What needs to be done
Your task is to retype every entry exactly while omitting the pictures.

Records shown
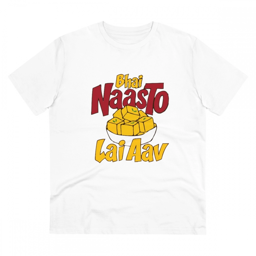 Generic Men’s PC Cotton Bhai Nasto Lai Aav Printed T Shirt (Color: White, Thread Count: 180GSM)
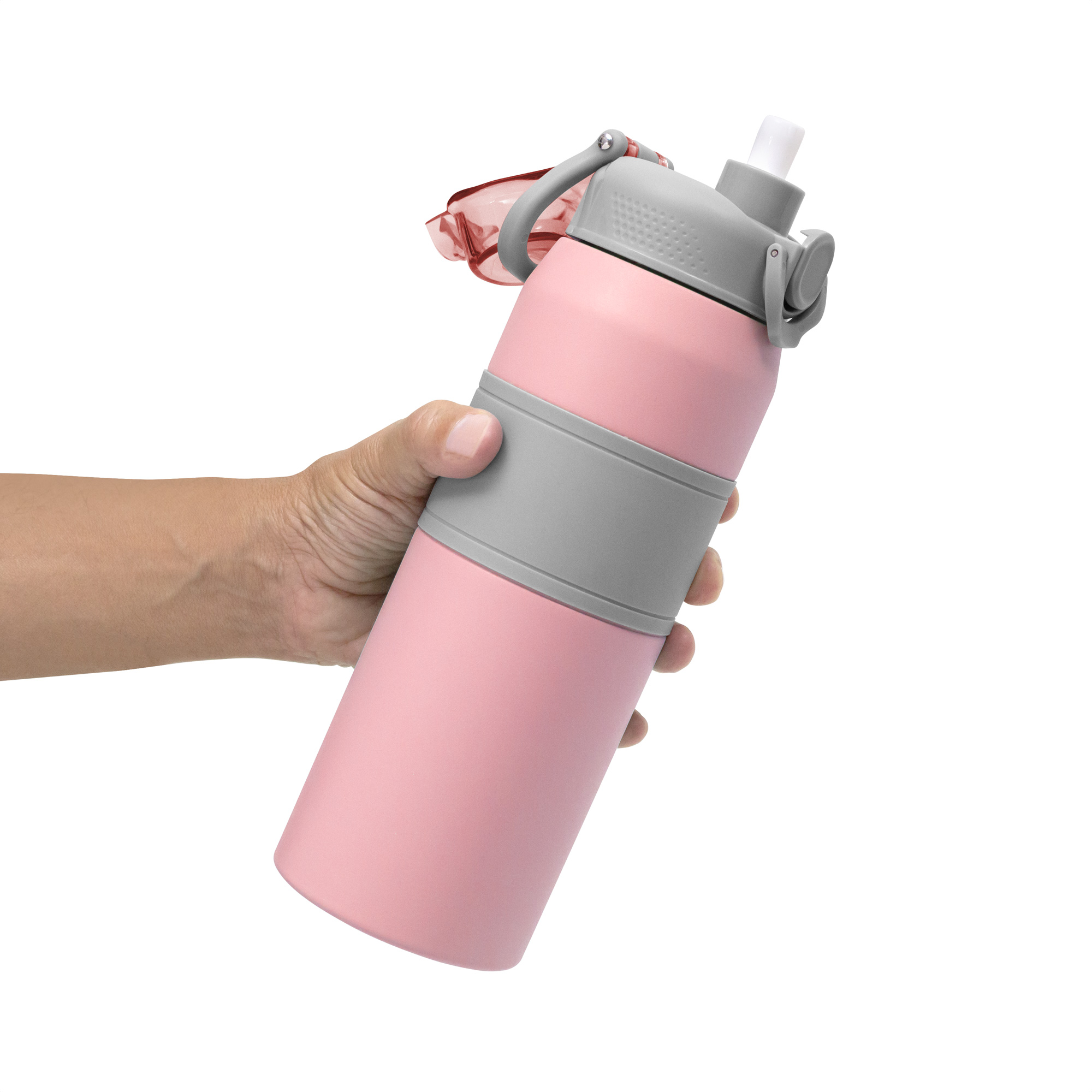 Botella deportiva con doble pared, sellada al vacío. Interior de acero 304 y exterior de acero 201. Pintura powder coat (pintura más duradera y resistente a la corrosión y el paso del tiempo). Tapa plástica a rosca en color gris con anillo de silicona y manija plástica para su agarre, combinada con tapa rebatible en colores translucidos a juego con el color de la botella. Boquilla con sorbete incluido. Grip de silicona color gris para mejor agarre. Mantiene alrededor de 8 hs la temperatura de las bebidas calientes y frías. Medidas: 8 cm x 25 cm. Capacidad: 840 ml. Materiales: Acero inoxidable, silicona y plástico ABS, polipropileno y policarbonato.
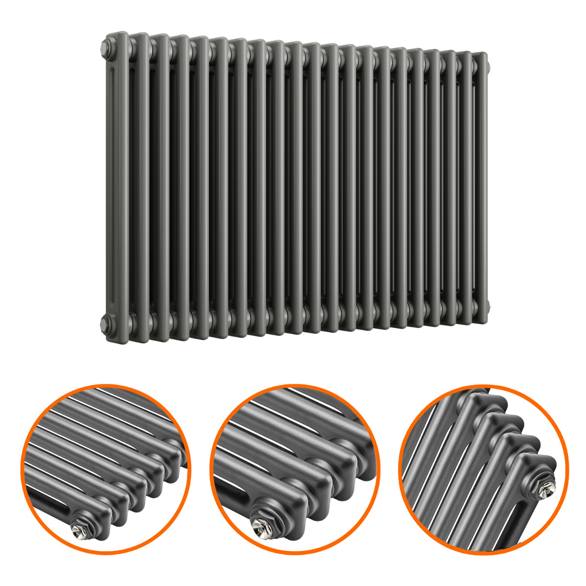 600 x 1013mm Anthracite Horizontal Traditional 2 Column Radiator
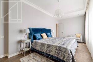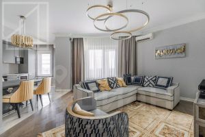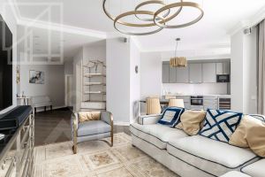 Планировка: просторная кухня-гостиная с обеденной зоной, спальня, жилая комната (можно использовать как спальню или кабинет), гардеробная комната, два совмещенных санузла с ванной и душевой кабиной, три лоджии, прихожая. Квартира меблирована, укомплектована необходимой бытовой техникой. Выполнен уникальный ремонт по индивидуальному дизайнерскому проекту.
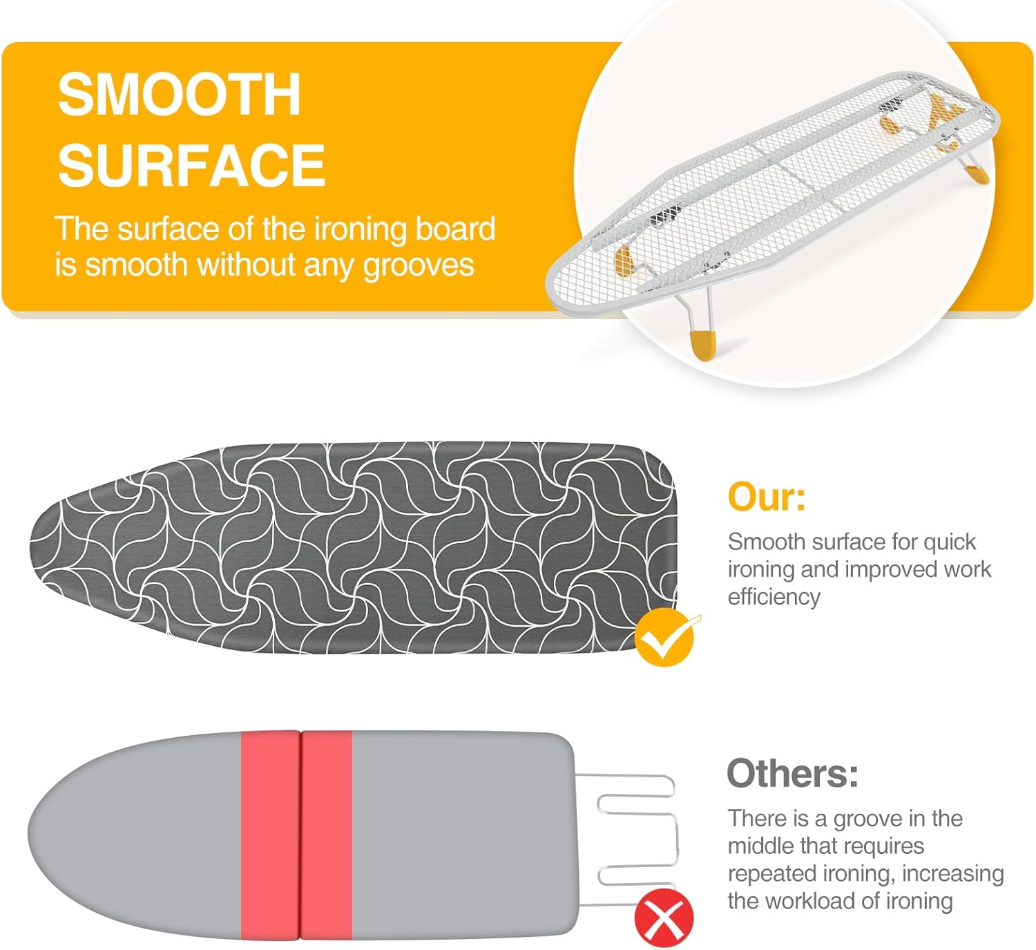 - Sturdy & Foldable Design – Our tabletop ironing board features foldable legs with non-slip foot caps for stability during use and easy storage, saving space.
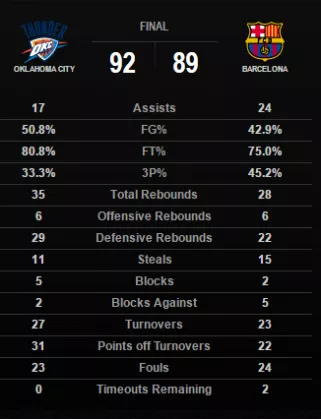 Sinoči je bila na sporedu še druga evroameriška tekma v sklopu NBA Global Games. Oklahoma je tesno z 92:89 porazila Barcelono in se tako ognila drugemu zaporednemu porazu.
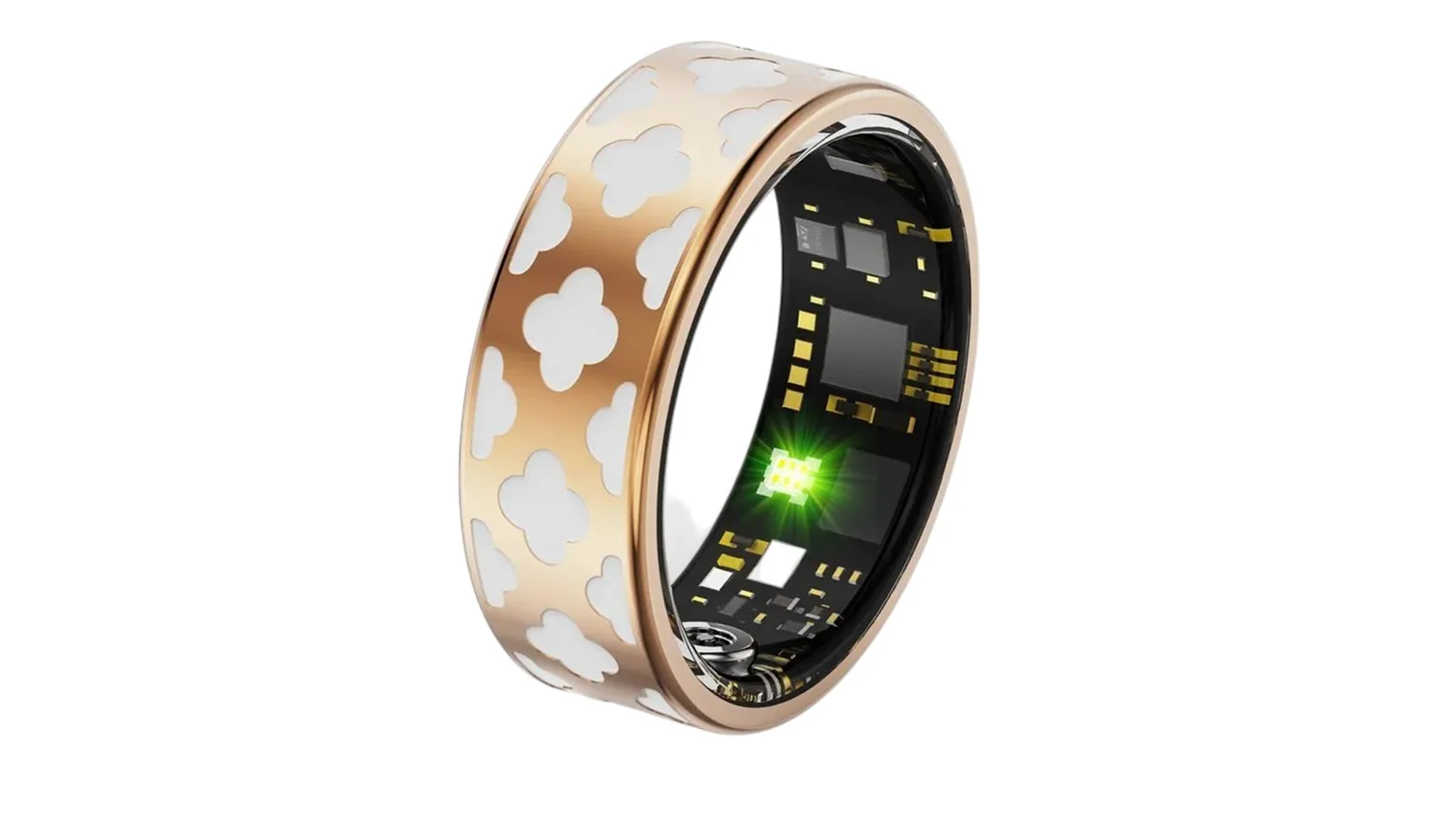 Кольцо выполнено в цвете розового золота, имеет защиту IP68 и работает до 5 дней на одном заряде. Зарядка происходит через специальный кейс и занимает около двух часов.
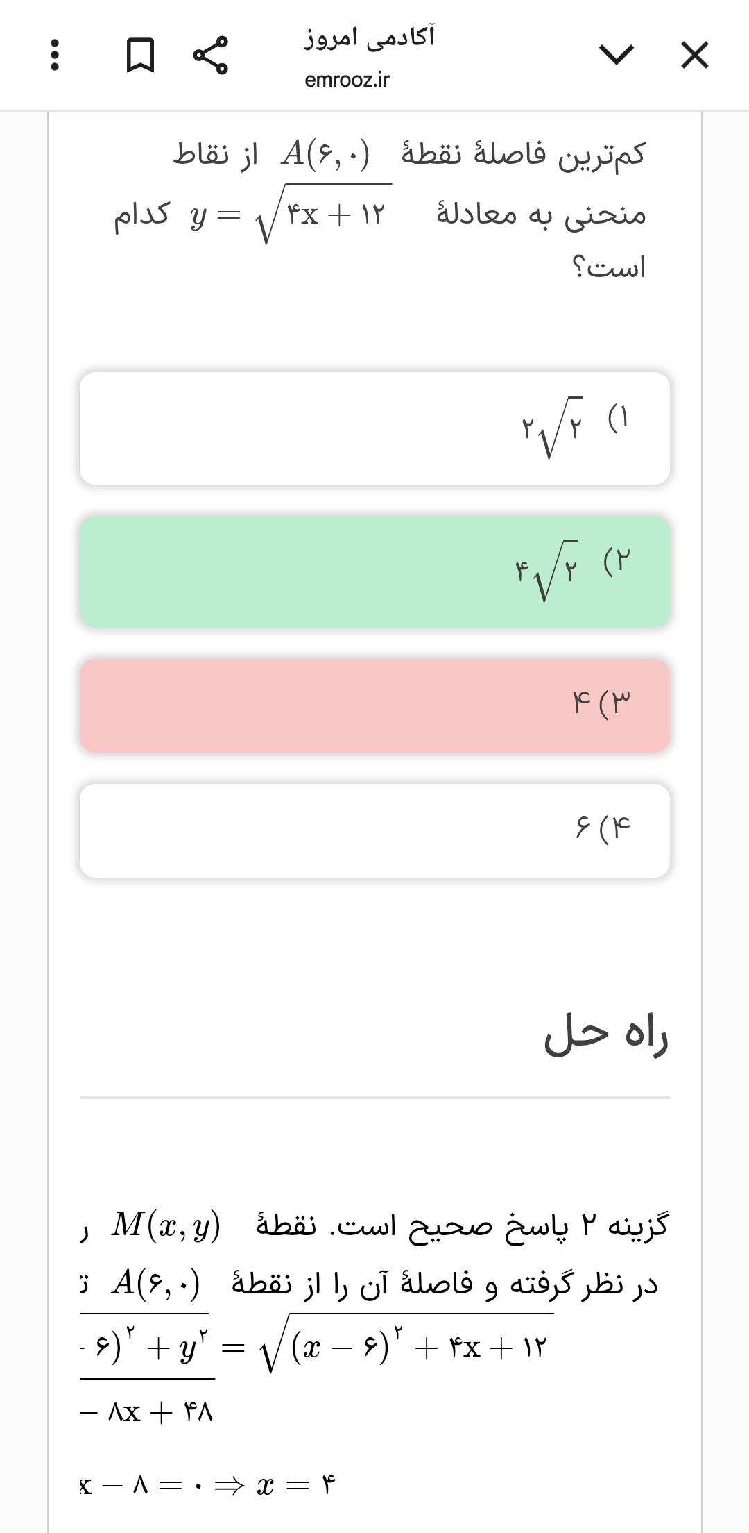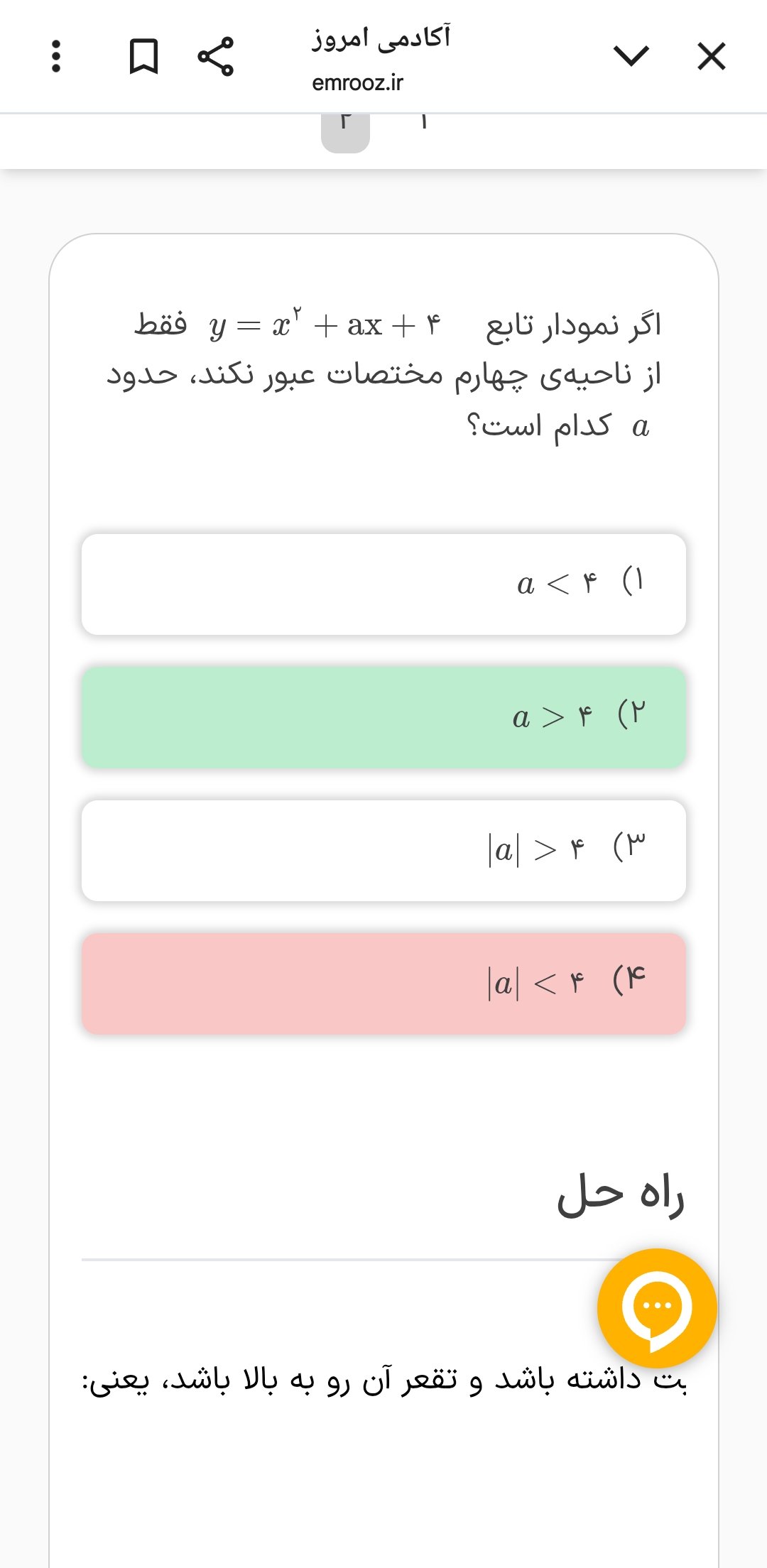 مثلاً یکبار a رو بذار ۵ که در گزینه دو و سه هست اما در گزینه یک و چهار نیست بعد بیا a رو جای‌گذاری کن و ببین از کدوم نواحی عبور می‌کنه میبینی که در این حالت از ناحیه ۴ عبور می‌کنه پس عدد ۵ برای آ قابل قبوله گزینه یک و چهار رد میشه حالا بین گزینه دو و سه یه عددی انتخاب میکنیم که بینشون مشترک نباشه مثلا ۵ـ که میبینیم در این حالت صدق نمیکنه پس گزینه سه هم رد میشه و فقط گزینه دو میمونه
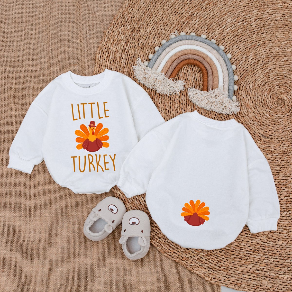Little Turkey Romper Thanksgiving Infant Outfit Thanksgiving Gender Reveal Fall baby Shower Fir
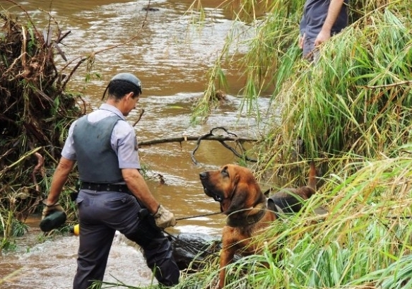 O cão farejador “Atila”, do canil da Polícia Militar de Assis está ajudando nas buscas, que aconteceram desde a manhã desta sexta-feira nas margens do córrego “Água da Veada”, onde a mulher foi vista pela última vez.
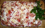 Приготовил салат с красной рыбой : семга и лосось . Не знаю , как на вкус ( гости вынесут вердикт ) , но уже в ъхолодильнике , ждет своего часа , как и плацынды медленно готовятся в духовочке .
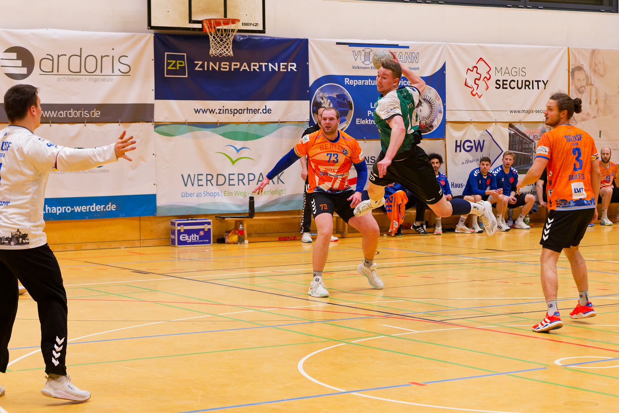 Wie erwartet verlief der Beginn in die Partie völlig ausgeglichen. Beide Teams hatten offensiv Probleme und keines konnte sich absetzen. Die Gäste erzielten die meisten Tore aus dem Rückraum, während die Brandenburger sich auf ihre individuellen Zweikämpfe verließen, welche zu oft von der 5:1-Abwehr der Gäste unterbunden wurden. Hinzu kamen die starken Unterschiede bei den Abschlüssen. OSF hatte eine starke Abschussquote, während die Tabellenführer mehrere freie Würfe vergaben. Durch eine starke Schlussphase der ersten Hälfte schafften es die Gäste, sich auf 13:15 abzusetzen. Nach der Pause holte Werden diesen Rückstand schnell auf, schaffte es aber nicht, sich eine komfortable Führung herauszuspielen. Von nun an war es absoluter Krimi, mit stetigen Führungswechseln. Eine Minute vor Schluss erzielten die Hauptstädter das Tor zum 31:32, welches Werder nicht mehr beantworten konnte. Somit verlor Werder das erste Ligaspiel seit November 2024 und hatte die ersten Minuspunkte der Saison zu verkraften.

Written solution
 Generic Men’s PC Cotton Bhai Nasto Lai Aav Printed T Shirt (Color: White, Thread Count: 180GSM)
 Botella deportiva con doble pared, sellada al vacío. Interior de acero 304 y exterior de acero 201. Pintura powder coat (pintura más duradera y resistente a la corrosión y el paso del tiempo). Tapa plástica a rosca en color gris con anillo de silicona y manija plástica para su agarre, combinada con tapa rebatible en colores translucidos a juego con el color de la botella. Boquilla con sorbete incluido. Grip de silicona color gris para mejor agarre. Mantiene alrededor de 8 hs la temperatura de las bebidas calientes y frías. Medidas: 8 cm x 25 cm. Capacidad: 840 ml. Materiales: Acero inoxidable, silicona y plástico ABS, polipropileno y policarbonato.
 600 x 1013mm Anthracite Horizontal Traditional 2 Column Radiator
 Планировка: просторная кухня-гостиная с обеденной зоной, спальня, жилая комната (можно использовать как спальню или кабинет), гардеробная комната, два совмещенных санузла с ванной и душевой кабиной, три лоджии, прихожая. Квартира меблирована, укомплектована необходимой бытовой техникой. Выполнен уникальный ремонт по индивидуальному дизайнерскому проекту.
 - Sturdy & Foldable Design – Our tabletop ironing board features foldable legs with non-slip foot caps for stability during use and easy storage, saving space.
 Sinoči je bila na sporedu še druga evroameriška tekma v sklopu NBA Global Games. Oklahoma je tesno z 92:89 porazila Barcelono in se tako ognila drugemu zaporednemu porazu.
 Кольцо выполнено в цвете розового золота, имеет защиту IP68 и работает до 5 дней на одном заряде. Зарядка происходит через специальный кейс и занимает около двух часов.
 مثلاً یکبار a رو بذار ۵ که در گزینه دو و سه هست اما در گزینه یک و چهار نیست بعد بیا a رو جای‌گذاری کن و ببین از کدوم نواحی عبور می‌کنه میبینی که در این حالت از ناحیه ۴ عبور می‌کنه پس عدد ۵ برای آ قابل قبوله گزینه یک و چهار رد میشه حالا بین گزینه دو و سه یه عددی انتخاب میکنیم که بینشون مشترک نباشه مثلا ۵ـ که میبینیم در این حالت صدق نمیکنه پس گزینه سه هم رد میشه و فقط گزینه دو میمونه
Little Turkey Romper Thanksgiving Infant Outfit Thanksgiving Gender Reveal Fall baby Shower Fir
 O cão farejador “Atila”, do canil da Polícia Militar de Assis está ajudando nas buscas, que aconteceram desde a manhã desta sexta-feira nas margens do córrego “Água da Veada”, onde a mulher foi vista pela última vez.
 Приготовил салат с красной рыбой : семга и лосось . Не знаю , как на вкус ( гости вынесут вердикт ) , но уже в ъхолодильнике , ждет своего часа , как и плацынды медленно готовятся в духовочке .
 Wie erwartet verlief der Beginn in die Partie völlig ausgeglichen. Beide Teams hatten offensiv Probleme und keines konnte sich absetzen. Die Gäste erzielten die meisten Tore aus dem Rückraum, während die Brandenburger sich auf ihre individuellen Zweikämpfe verließen, welche zu oft von der 5:1-Abwehr der Gäste unterbunden wurden. Hinzu kamen die starken Unterschiede bei den Abschlüssen. OSF hatte eine starke Abschussquote, während die Tabellenführer mehrere freie Würfe vergaben. Durch eine starke Schlussphase der ersten Hälfte schafften es die Gäste, sich auf 13:15 abzusetzen. Nach der Pause holte Werden diesen Rückstand schnell auf, schaffte es aber nicht, sich eine komfortable Führung herauszuspielen. Von nun an war es absoluter Krimi, mit stetigen Führungswechseln. Eine Minute vor Schluss erzielten die Hauptstädter das Tor zum 31:32, welches Werder nicht mehr beantworten konnte. Somit verlor Werder das erste Ligaspiel seit November 2024 und hatte die ersten Minuspunkte der Saison zu verkraften.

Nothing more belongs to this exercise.